Upon the facts stated in the affidavit of defendant's attorney, which are uncontradicted, we think his Honor erred in dismissing the appeal. Under section 878 of The Code, the Justice is required to make a return to the appellate court, and file with the Clerk thereof the papers, proceedings, etc., within ten days after the service of notice of appeal; and under section 830, "When the return is made, the Clerk of the appellate court shall docket the case on his trial docket, for a new trial of the whole matter at the ensuing term of said court." But in this case the Justice was relieved of the duty to make return thereof within ten days, as required by the agreement of attorneys for both parties. We know of no statute which requires that the appeal shall be docketed at the ensuing term, if the attorneys on both sides shall desire otherwise. While it does not here appear that it was the purpose of the attorneys not to docket the case at the January Term, yet it was not done, and no laches can be imputed to the Justice or attorney for defendant. By agreement, the attorney of plaintiff was to make out the return for the Justice and submit the same to the attorney of the defendant. The Justice, upon several occasions, went to the office of plaintiff's attorney to look after the matter, but could not find him, of which he informed the attorney of defendant. The delay was, therefore, caused by the plaintiff's attorney, which he seems to have recognized by not making *245 his motion at the April Term, 1900, and by consenting to the continuances thereafter; and the Court ought not to allow a party to take advantage of his own wrong.

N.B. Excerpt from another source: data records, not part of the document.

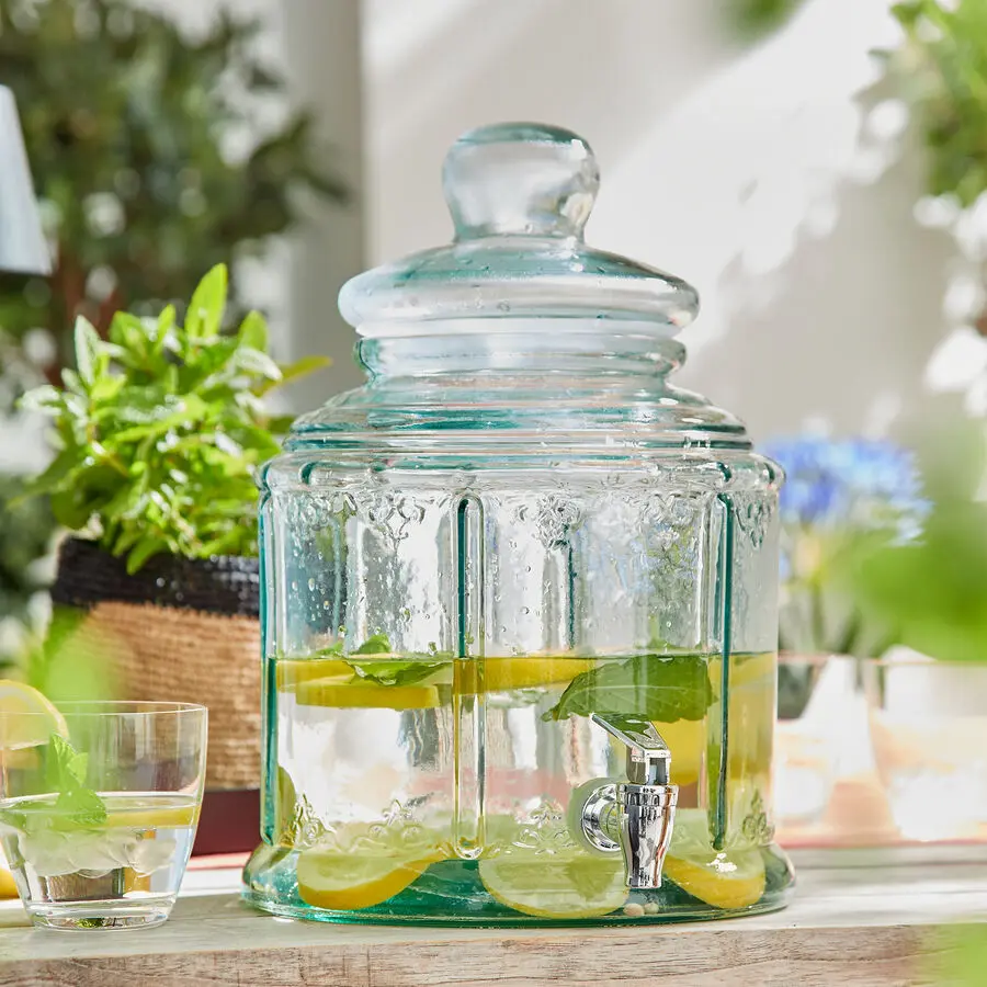 6,5 Liter fasst das nostalgisch verzierte, sechseckige Gefäß aus grün schimmerndem Glas.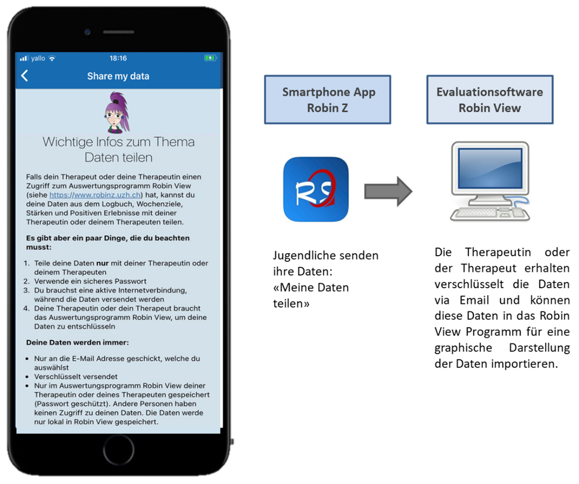 PatientInnen senden Ihnen ihre Daten verschlüsselt via die App Robin Z. Sie erhalten danach eine Email von technicrobin@kjpd.uzh.ch mit den verschlüsselten Daten. Diese verschlüsselten Daten können danach mit Robin View entschlüsselt und graphisch dargestellt werden. Eine Entschlüsselung dieser Daten ohne das Programm Robin View ist nicht möglich. Die Entschlüsselung der Daten ist weiter nur mit dem jeweiligen Passwort des Patienten möglich. Damit der Datenschutz gewährleistet ist, sollen Passwörter nur mündlich, nicht via Email, weitergeben werden.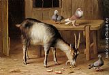 A Goat and Pigeons In a Farmyard by Edgar Hunt

The facts in this case differ from those in Pants Co. v. Smith,
It was insisted by the defendant's counsel in this Court that the return should not in any event have been made to the January Term, because that term was created for the trial of criminal actions (Acts 1897, Chap. 256); but a careful review of the statute leads us to a different construction. By section 2, that term is given jurisdiction of all civil matters, on account of which the appeal was properly returnable to that term.
There is error.
Concurrence Opinion
concurring. I concur in the judgment of the Court, as well as in its opinion, except in so far as it holds that the appeal was properly returnable to the criminal term of the Superior Court. Of this I doubt, as section 8Y8 of The Code provides that “When the return is made, the Clerk of the appellate court shall docket the case on his trial docket, for a new trial of the whole matter at the ensuing term of said Court.” This could be done at the criminal term only by the consent of parties.